MediumRoastSteam said:


> To be 100% sure: remove the hose from the vacum breaker, and see if it's coming from there first. Make sure that the part you bought is not at fault first. Then move on to the next suspect. It will splutter a bit but it will dry straight away on top of the boiler. If keeps releasing steam, then that's faulty or not seated correctly.


 I'm back, in between work and baby duties .

So it's not the vacuum breaker , so need to take the safety valve off and replace , given. It's horizontal and it's place to any bright ideas for the spanner or best tool to get it off


----------



## MediumRoastSteam (Jul 7, 2015)

Mrboots2u said:


> I'm back, in between work and baby duties .
> 
> So it's not the vacuum breaker , so need to take the safety valve off and replace , given. It's horizontal and it's place to any bright ideas for the spanner or best tool to get it off


 I leave that one to @El carajilloor @DavecUK as I'm clueless at that sort of thing.
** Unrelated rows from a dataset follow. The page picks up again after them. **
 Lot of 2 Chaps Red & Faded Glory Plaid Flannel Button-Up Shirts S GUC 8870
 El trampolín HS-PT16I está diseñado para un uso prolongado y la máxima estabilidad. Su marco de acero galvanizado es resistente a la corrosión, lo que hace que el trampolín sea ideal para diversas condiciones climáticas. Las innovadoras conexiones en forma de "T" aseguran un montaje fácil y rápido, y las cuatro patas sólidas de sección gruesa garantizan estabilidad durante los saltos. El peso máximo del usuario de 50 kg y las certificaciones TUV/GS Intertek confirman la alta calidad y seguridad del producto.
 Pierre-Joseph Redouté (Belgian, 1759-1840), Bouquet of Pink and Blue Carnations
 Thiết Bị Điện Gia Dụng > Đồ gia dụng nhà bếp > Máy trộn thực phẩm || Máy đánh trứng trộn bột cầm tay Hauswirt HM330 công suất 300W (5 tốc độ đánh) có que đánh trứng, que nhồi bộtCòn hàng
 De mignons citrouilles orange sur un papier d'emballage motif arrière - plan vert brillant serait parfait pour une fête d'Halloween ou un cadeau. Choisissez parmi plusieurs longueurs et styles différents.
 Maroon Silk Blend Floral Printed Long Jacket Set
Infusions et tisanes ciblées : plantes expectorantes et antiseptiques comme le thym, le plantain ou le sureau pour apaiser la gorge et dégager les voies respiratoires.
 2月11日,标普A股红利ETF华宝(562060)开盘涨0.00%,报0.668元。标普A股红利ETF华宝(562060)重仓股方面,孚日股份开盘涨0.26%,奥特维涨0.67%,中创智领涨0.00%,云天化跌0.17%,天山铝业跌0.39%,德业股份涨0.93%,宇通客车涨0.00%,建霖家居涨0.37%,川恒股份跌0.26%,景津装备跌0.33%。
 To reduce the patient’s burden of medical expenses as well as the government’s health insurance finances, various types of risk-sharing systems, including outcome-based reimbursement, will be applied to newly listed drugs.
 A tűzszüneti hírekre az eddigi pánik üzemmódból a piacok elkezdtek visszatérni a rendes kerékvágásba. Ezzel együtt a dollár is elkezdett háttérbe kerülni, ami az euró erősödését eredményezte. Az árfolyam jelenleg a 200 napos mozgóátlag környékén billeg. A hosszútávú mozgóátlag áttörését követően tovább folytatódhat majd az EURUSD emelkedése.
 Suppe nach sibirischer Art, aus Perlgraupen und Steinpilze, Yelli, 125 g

Boots, did you undo the hose of the safety valve just to make sure that that's the culprit? I know logically it is, but best to be 100% sure. Hopefully you don't need to replace it and it's just a matter of cleaning it up or something like that.

good luck.


----------



## DavecUK (Aug 6, 2013)

safety valves that leak should always be replaced.

get an open ended spanner on it and try and rap it free (use a panel pin hammer), get some tension on the spanner and short sharp hits on the end....to act a bit like an impact wrench. Any heavy whacks and you will break it. With the boiler hot....it should break free, might take a large number of hits though.









The other thing you can use is this....but you need to improvise a socket over the end of a box spanner (or a really deep socket) to do it and often the valves won't fit inside a box spanner.


----------



## El carajillo (Mar 16, 2013)

I agree with Dave ref spanner, All I would say is remove the pipe and use a ring spanner (if available) as this can be placed on and will self locate at suitable angle.

If you use a ' box spanner' a suitably sized socket fitted over the opposite end will allow you to use impact driver OR cordless drill set to a light torque setting.


----------



## Mrboots2u (May 10, 2013)

Need to order some spinners , presumably imperial size as these parts are made in Italy

and ideas what sizes


----------



## DavecUK (Aug 6, 2013)

No Idea of size.... I will caution about ring spanners...I mentioned open ended because they can be angled upwards from the nut, Ring spanners cannot and have to be flat in line with the nut....this might make it difficult to tap the end. I suppose you can always use a metal rod in the opposite end of the ring and tap the end of that with a hammer bu I find open ended spanners more versatile and rarely use my ring spanner sets..


----------



## MediumRoastSteam (Jul 7, 2015)

@Mrboots2u - for my own sanity - was the original vacuum breaker ever broken or faulty? If your answer is yes, then, it seems very strange that two components failed pretty much at the same time.


----------



## Mrboots2u (May 10, 2013)

MediumRoastSteam said:


> @Mrboots2u - for my own sanity - was the original vacuum breaker ever broken or faulty? If your answer is yes, then, it seems very strange that two components failed pretty much at the same time.


 I don't know tbh , I have had vacuum breakers go on other machines and exhibit same fault , so assumed it was that tbh .


----------



## Mrboots2u (May 10, 2013)

Replaced the safety valve, which was a bit of a faff but it has fixed the problem.

Cheers to @DavecUK and @MediumRoastSteamfor their patience and advice


----------



## FilipeSer (Apr 8, 2021)

Very interesting.


----------